* Problem to work on
Print the listing below again, exactly. Skip the pictures.
--- Data section Enclosed Below ---
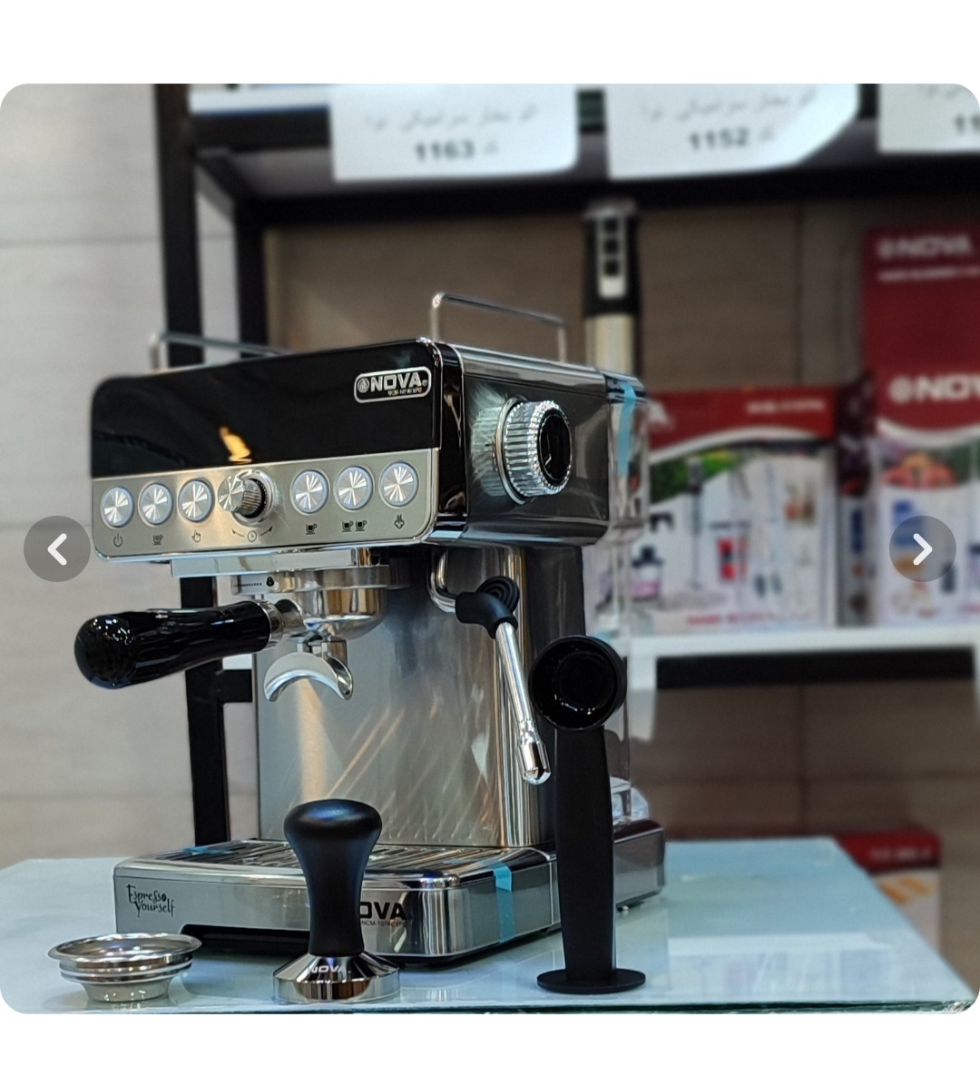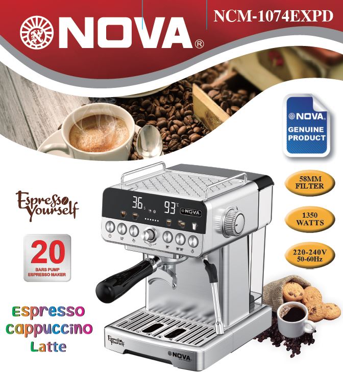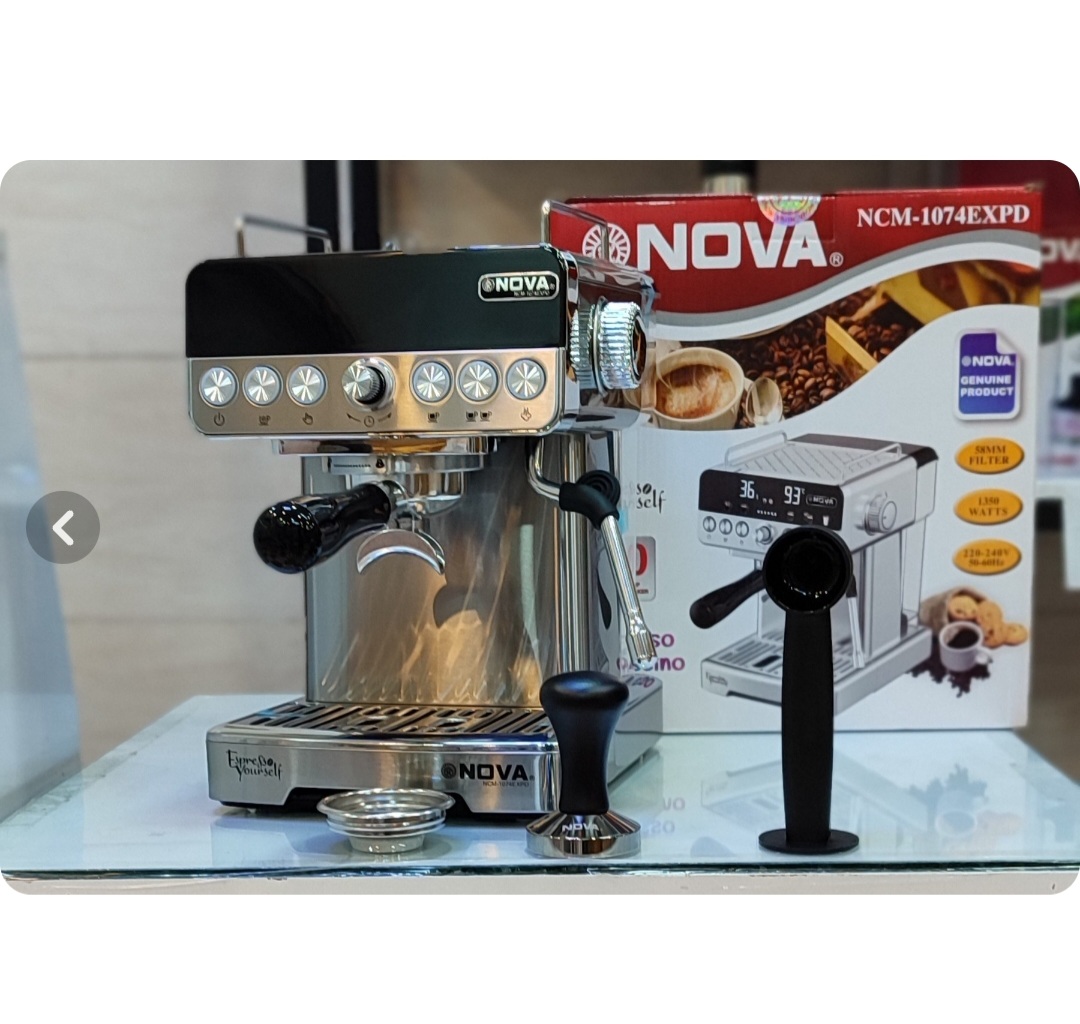 اسپرسو ساز نوا 1074نیمه صنعتی ( به شرط اصلی ) با پرتافیلتر 58 پمپ 20 بار اولکا 1350 وات صفحه نمایش تمام دیجیتال دکمه تک و دوبل خودکار دکمه دلخواه عصاره گیری زمان و دمای قابل تنظیم سیستم گرمایش ترمو بلاک دارای تمپر 58دارای بسکت تک و دوبل استیل 58بدنه تمام استیل ضد زنگ با آلیاژ بالا قابلیت نوشیدنی سرد مثل: کولدبورو مخزن آب 1/8 لیتری مناسب برای، خانه ، سوپرمارکت ، باشگاه ، کافی شاپ های کوچک
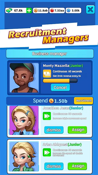 每次在合成高等级的汽车后,都将扩大停车位的获取,由此增加的格子数,可以放置更多的赛车。在赛车运营期间,玩家可通过雇佣经营主管来加速关于赛车在赛道中的奖励获取条件。不同的主管对于赛道的加持收益会有大不同。
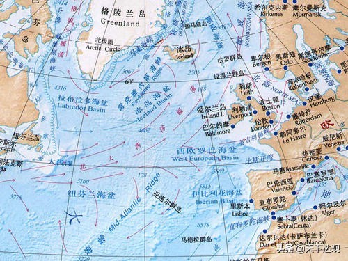 世界地图|大西洋地形地貌航线航运
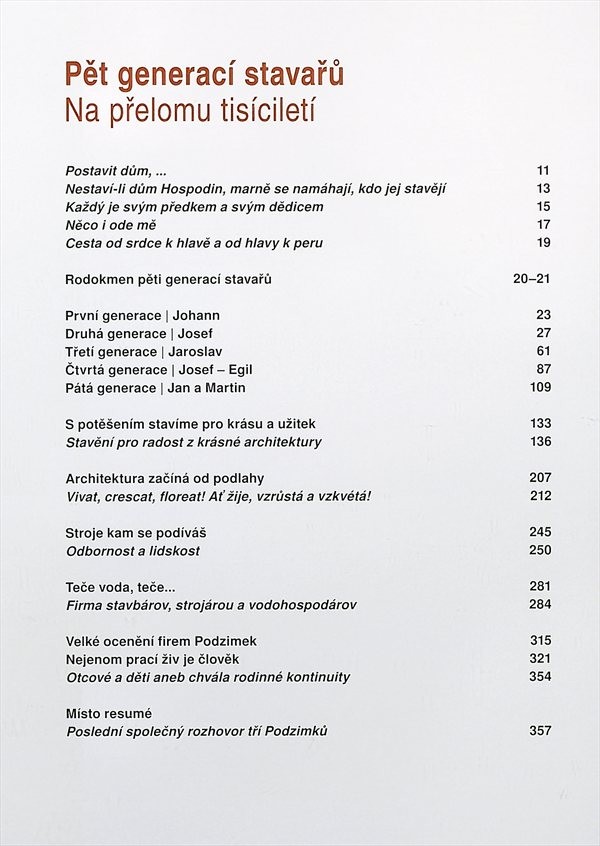Obrazová publikace vydaná u příležitosti 115. výročí rodinné stavební firmy Podzimkových, která žije v západomoravském městě Třešti a jedním z jejích posledních projektů je rekonstrukce Malostranské besedy v Praze.
--- End of Enclosed Data section ---
* Response to the exercise
 اسپرسو ساز نوا 1074نیمه صنعتی ( به شرط اصلی ) با پرتافیلتر 58 پمپ 20 بار اولکا 1350 وات صفحه نمایش تمام دیجیتال دکمه تک و دوبل خودکار دکمه دلخواه عصاره گیری زمان و دمای قابل تنظیم سیستم گرمایش ترمو بلاک دارای تمپر 58دارای بسکت تک و دوبل استیل 58بدنه تمام استیل ضد زنگ با آلیاژ بالا قابلیت نوشیدنی سرد مثل: کولدبورو مخزن آب 1/8 لیتری مناسب برای، خانه ، سوپرمارکت ، باشگاه ، کافی شاپ های کوچک
 每次在合成高等级的汽车后,都将扩大停车位的获取,由此增加的格子数,可以放置更多的赛车。在赛车运营期间,玩家可通过雇佣经营主管来加速关于赛车在赛道中的奖励获取条件。不同的主管对于赛道的加持收益会有大不同。
 世界地图|大西洋地形地貌航线航运
Obrazová publikace vydaná u příležitosti 115. výročí rodinné stavební firmy Podzimkových, která žije v západomoravském městě Třešti a jedním z jejích posledních projektů je rekonstrukce Malostranské besedy v Praze.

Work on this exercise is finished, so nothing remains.